I attempted it on paper but cannot get it to work. Can anyone show me how this is done?

My working:

LHS:

$\nabla \cdot (a \times b) = \frac{\partial}{\partial x}(S_a T_b - S_b T_a) + \frac{\partial}{\partial y}(T_a R_b - R_a T_b) + \frac{\partial}{\partial z}(R_a S_b - R_b S_a)$

RHS:

$\nabla \times a = (\frac{\partial}{\partial y} T_a - \frac{\partial}{\partial z} S_a)\hat i - (\frac{\partial}{\partial x} T_a - \frac{\partial}{\partial z} R_a)\hat j + (\frac{\partial}{\partial x} S_a - \frac{\partial}{\partial y} R_a)\hat k$

$b \cdot (\nabla \times a) = R_b(\frac{\partial}{\partial y} T_a - \frac{\partial}{\partial z} S_a) - S_b(\frac{\partial}{\partial x} T_a - \frac{\partial}{\partial z} R_a) + T_b(\frac{\partial}{\partial x} S_a - \frac{\partial}{\partial y} R_a)$

Now I computed the other part of the RHS as well however I can't see how I would be able to maninipulate it into the LHS.

Anyone have any idea?

• Just compute it component-wise.

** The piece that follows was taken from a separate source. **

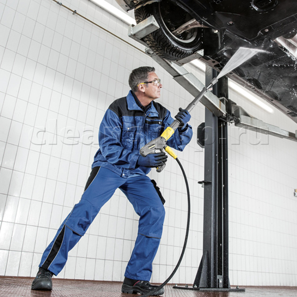 Система эластичного демпфирования (SDS), компенсирует колебания и скачки в системе высокого давления, тем самым увеличивая срок службы всех ее компонентов, а также уменьшая вибрации. Безопасность эксплуатации обеспечивается автоматическим отключением горелки при недостатке воды или образовании нагара. Автоматический датчик пламени доступен как дополнительная опция. Отличная мобильность аппарата достигается благодаря следованию принципу детской трехколесной коляски - шасси с большими прорезиненными задними колесами и передним поворотным колесиком. Удобному перемещению также способствует упорная площадка для ноги для подъема передней части аппарата (например, при преодолении ступеней).

It would be best if you were to show your work, so that we can identify your error. – Michael Burr Jan 28 '17 at 12:14
• Note that the chain rule derivation cannot work for curl. – MathArt Mar 5 '19 at 13:08

$$\frac{\partial}{\partial x}(S_aT_b - S_bT_a) = T_b\frac{\partial S_a}{\partial x} + S_a\frac{\partial T_b}{\partial x} - T_a\frac{\partial S_b}{\partial x} - S_b \frac{\partial Ta}{\partial x}.$$